> **Task**
Repeat the data in full and exactly. Leave the pictures out.

-------- Source material

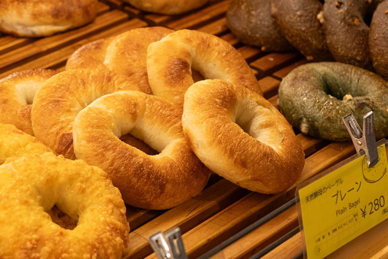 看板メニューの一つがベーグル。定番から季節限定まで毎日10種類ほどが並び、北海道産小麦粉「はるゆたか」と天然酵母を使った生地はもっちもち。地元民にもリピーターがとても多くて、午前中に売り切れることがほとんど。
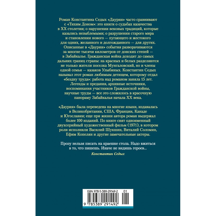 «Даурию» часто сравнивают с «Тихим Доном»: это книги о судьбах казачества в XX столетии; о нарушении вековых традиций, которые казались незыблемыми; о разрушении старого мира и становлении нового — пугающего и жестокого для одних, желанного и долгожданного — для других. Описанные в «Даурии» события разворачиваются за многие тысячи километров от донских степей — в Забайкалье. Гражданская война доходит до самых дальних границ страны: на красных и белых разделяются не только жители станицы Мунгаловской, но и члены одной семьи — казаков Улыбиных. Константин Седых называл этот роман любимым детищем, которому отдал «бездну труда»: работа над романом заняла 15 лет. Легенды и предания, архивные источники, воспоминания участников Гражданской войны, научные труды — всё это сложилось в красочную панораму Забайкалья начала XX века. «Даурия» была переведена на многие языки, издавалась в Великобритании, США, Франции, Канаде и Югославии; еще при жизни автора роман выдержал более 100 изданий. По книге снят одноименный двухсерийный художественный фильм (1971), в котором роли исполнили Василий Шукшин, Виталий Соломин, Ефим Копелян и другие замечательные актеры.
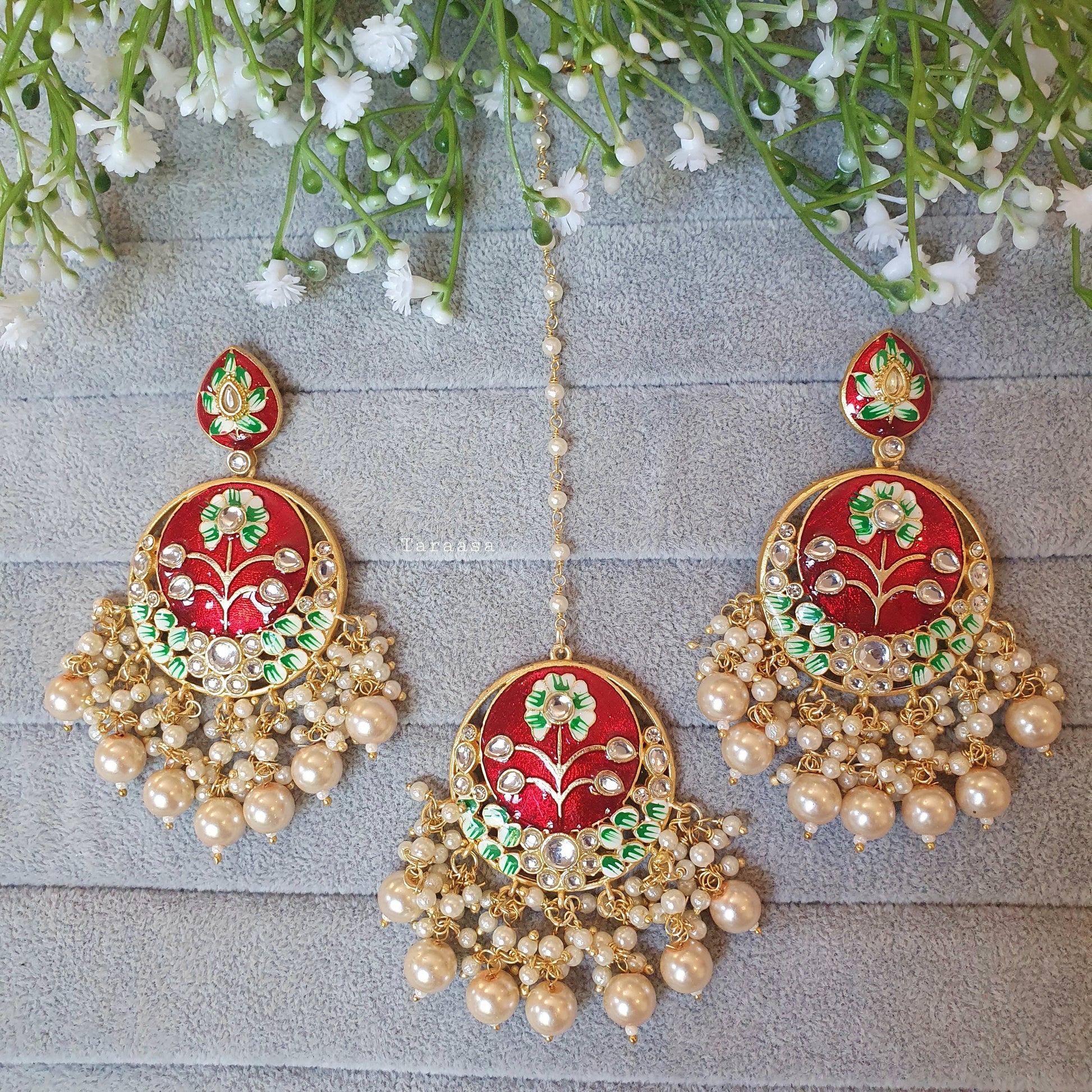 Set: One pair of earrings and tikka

----------------

> **Task solution**
 看板メニューの一つがベーグル。定番から季節限定まで毎日10種類ほどが並び、北海道産小麦粉「はるゆたか」と天然酵母を使った生地はもっちもち。地元民にもリピーターがとても多くて、午前中に売り切れることがほとんど。
 «Даурию» часто сравнивают с «Тихим Доном»: это книги о судьбах казачества в XX столетии; о нарушении вековых традиций, которые казались незыблемыми; о разрушении старого мира и становлении нового — пугающего и жестокого для одних, желанного и долгожданного — для других. Описанные в «Даурии» события разворачиваются за многие тысячи километров от донских степей — в Забайкалье. Гражданская война доходит до самых дальних границ страны: на красных и белых разделяются не только жители станицы Мунгаловской, но и члены одной семьи — казаков Улыбиных. Константин Седых называл этот роман любимым детищем, которому отдал «бездну труда»: работа над романом заняла 15 лет. Легенды и предания, архивные источники, воспоминания участников Гражданской войны, научные труды — всё это сложилось в красочную панораму Забайкалья начала XX века. «Даурия» была переведена на многие языки, издавалась в Великобритании, США, Франции, Канаде и Югославии; еще при жизни автора роман выдержал более 100 изданий. По книге снят одноименный двухсерийный художественный фильм (1971), в котором роли исполнили Василий Шукшин, Виталий Соломин, Ефим Копелян и другие замечательные актеры.
 Set: One pair of earrings and tikka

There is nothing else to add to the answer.